Прижавшись к стене какого-то дома, Юстэс довольно долго наблюдал жизнь чужого города, ощущая скорее ужас, нежели удивление. В конце концов, он решил, что его жизни все-таки ничего пока не угрожает, и осторожно двинулся дальше, продолжая держаться рукой за стену.
Но стоило ему свернуть за угол, как на него обрушилось новое испытание: там несколько человек тащило, опутав веревками, ужасное чудовище. Покрытое черной чешуей, похожее на гигантскую ящерицу, оно рычало и отчаянно сопротивлялось; его длинный хвост метался поперек улицы от стены к стене, заставляя разбегаться случайных зрителей в разные стороны. Столпившиеся зеваки наперебой осыпали погонщиков чудовища насмешками, но тут хвост животного упругой плетью взмыл вверх и на головы людей рухнул целый пролет воздушного моста. Послышались крики, стоны... Юстэс не стал дожидаться развязки и поспешно свернул в проулок.

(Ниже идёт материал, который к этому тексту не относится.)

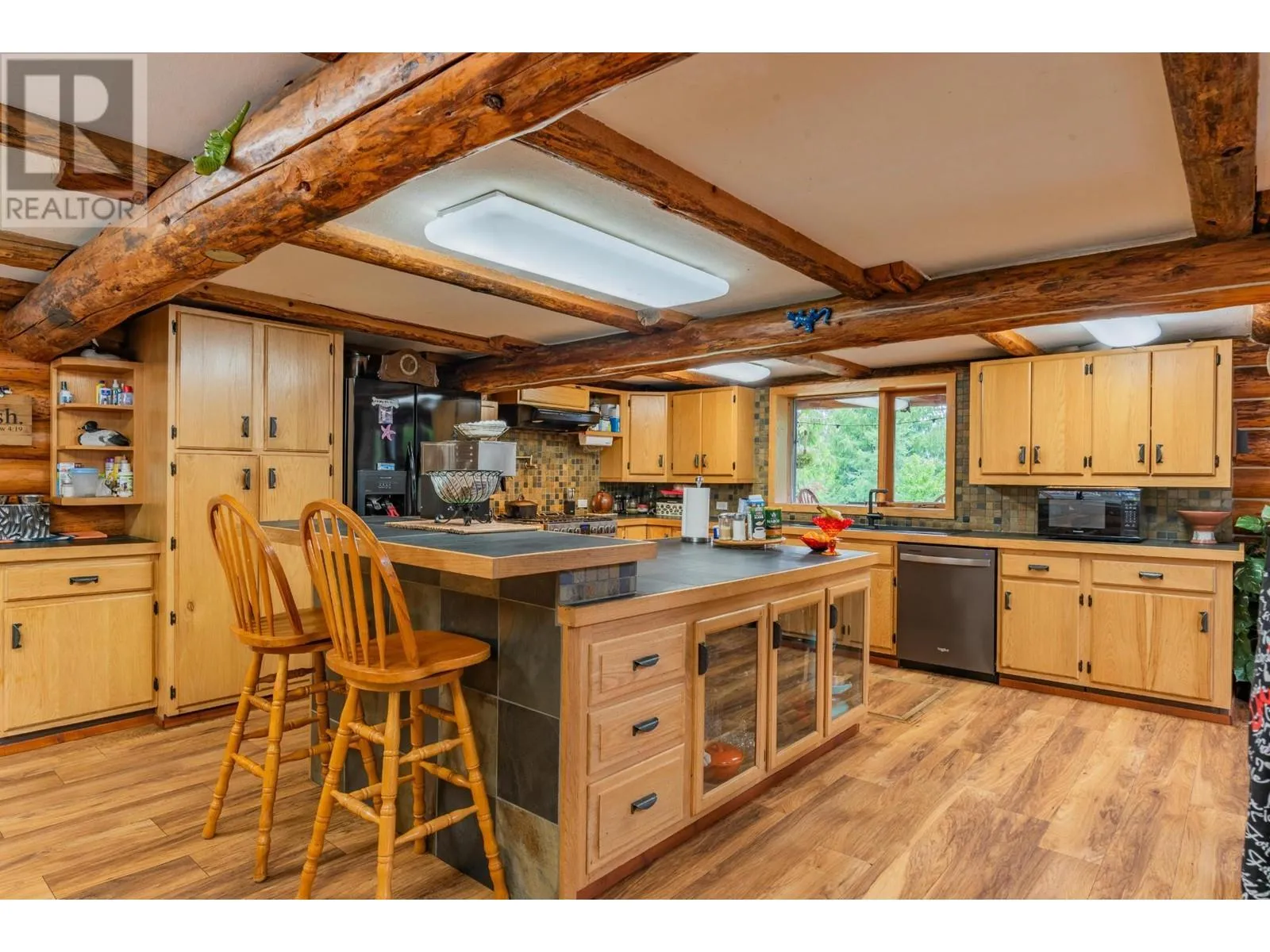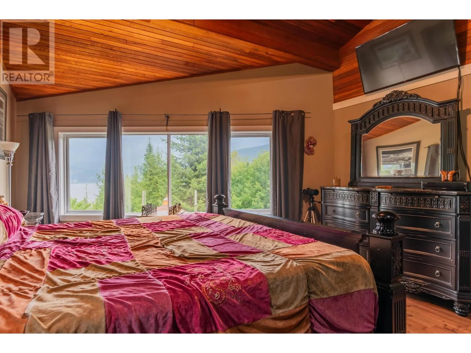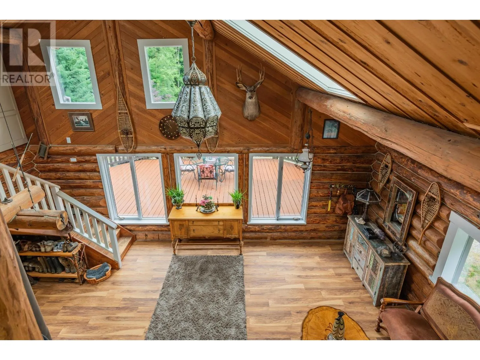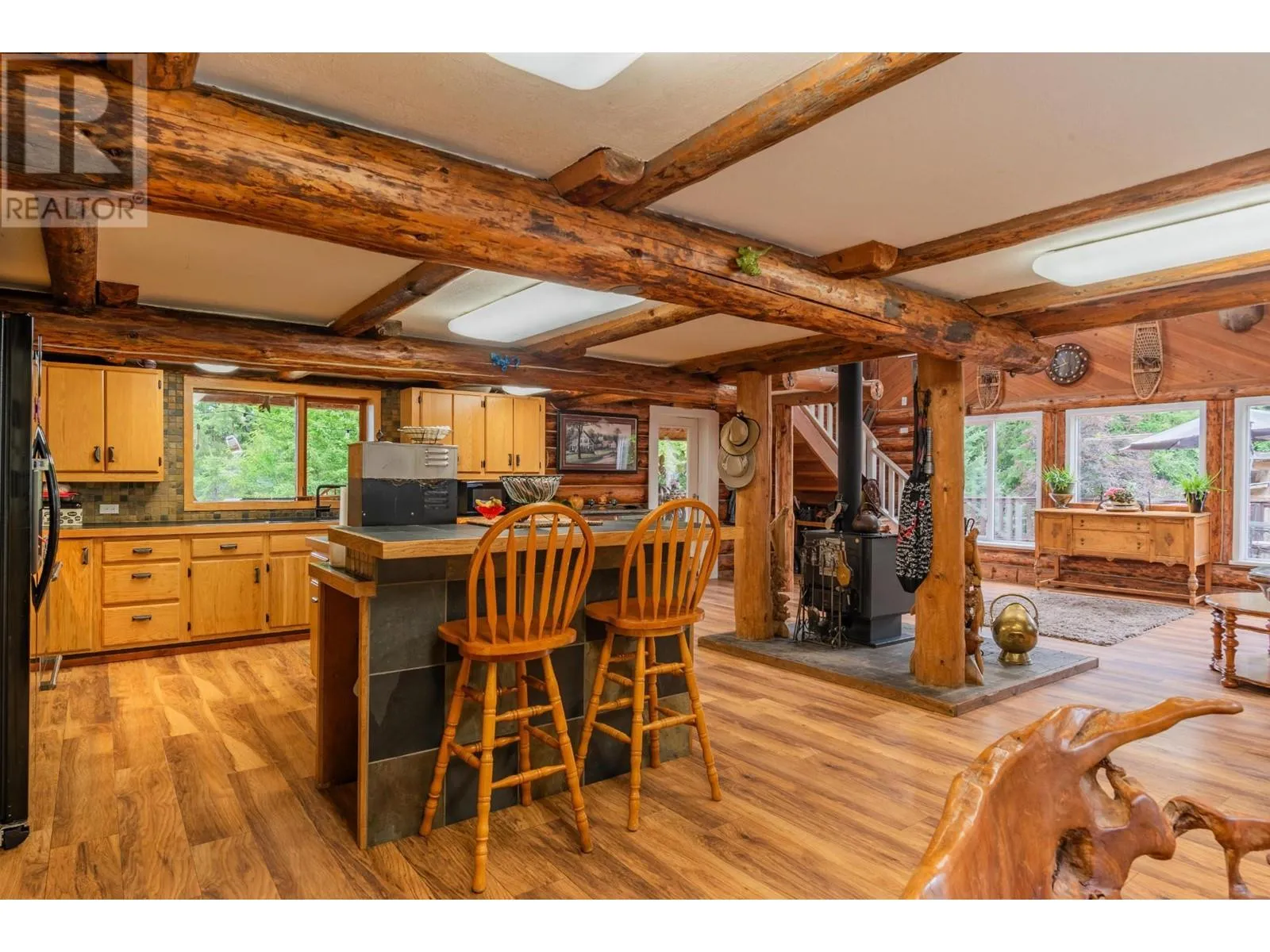 This charming log home is located approximately 8 km north of Kaslo, BC, on just over 3 acres near the end of a no-thru road. The property offers sunny, private living with an attached garage, a 3-bay carport, and ample storage areas. It also features an insulated shop wired for 220 power, a 24x32 engineered cement pad ready for a building, a 30x40 fenced garden with one acre surrounding the house fenced as well, fruit trees, grapevines, and other ornamental shrubs and trees, plus approximately 260 feet of coveted Kootenay Lake waterfront. The home boasts beautiful lake and mountain views from inside and from the expansive 1100 sq ft partially covered deck. The main floor features an open-concept living and kitchen area, with a large island perfect for extra workspace or socializing. There is also a walk-through pantry, a mudroom, and a bathroom with an attached utility room offering plenty of storage, extra counter space, and a large sink. A centrally located wood stove provides warmth throughout the house. Upstairs, you'll find the bedrooms, including the master with stunning lake views. Waterfront access is via a walking or quad trail. If you're seeking a waterfront property with ample space for a hobby farm, large gardens, or just privacy while being close to Kaslo's amenities, this could be the perfect home for you. (id:27476)

Узкая улочка вывела его на площадь. Там было устроено что-то вроде рынка — шум, толчея, непривычные резкие запахи, многоголосая речь... Людская река, дробясь на маленькие ручейки, растекалась между рядами прилавков, заваленных невиданными плодами, фруктами, рыбой, сочащимися кусками животной плоти; тут же торговали посудой, тканями, украшениями... Раскрыв рот, бродил он среди этого буйного великолепия даров чужой земли, пока не закружилась голова.
Сначала он не понял, почему поплыла вдруг из-под ног выложенная цветным камнем дорожка, ухватился за какой-то угол, а потом, когда все вокруг встало на свои места, резкая боль в пустом желудке подсказала ему: он просто голоден.
— ...Послушай, приятель, — я чужой в этом городе и за душой у меня ни гроша...— обратился он наугад к одному из торговцев, чье лицо показалось ему более добродушным. — Словом, сколько дашь за мой плащ?
Торговец окинул его быстрым внимательным взглядом.
— Плащ из кожи валлора... В горах — это нужная вещь, но мне он ни к чему... А вот кинжал у тебя знатный! Дай-ка, я погляжу...
— Нет, — отрезал Юстэс. — Этот кинжал мне жизнь спас. Продать его? — да это все равно, что продать друга... Лучше вот возьми плащ, а — нет, так поищу другого покупателя...
— Как хочешь... — зевнул продавец, но в его голосе промелькнула нотка плохо скрытого сожаления. — Передумаешь, — возвращайся. Я дам хорошую цену!..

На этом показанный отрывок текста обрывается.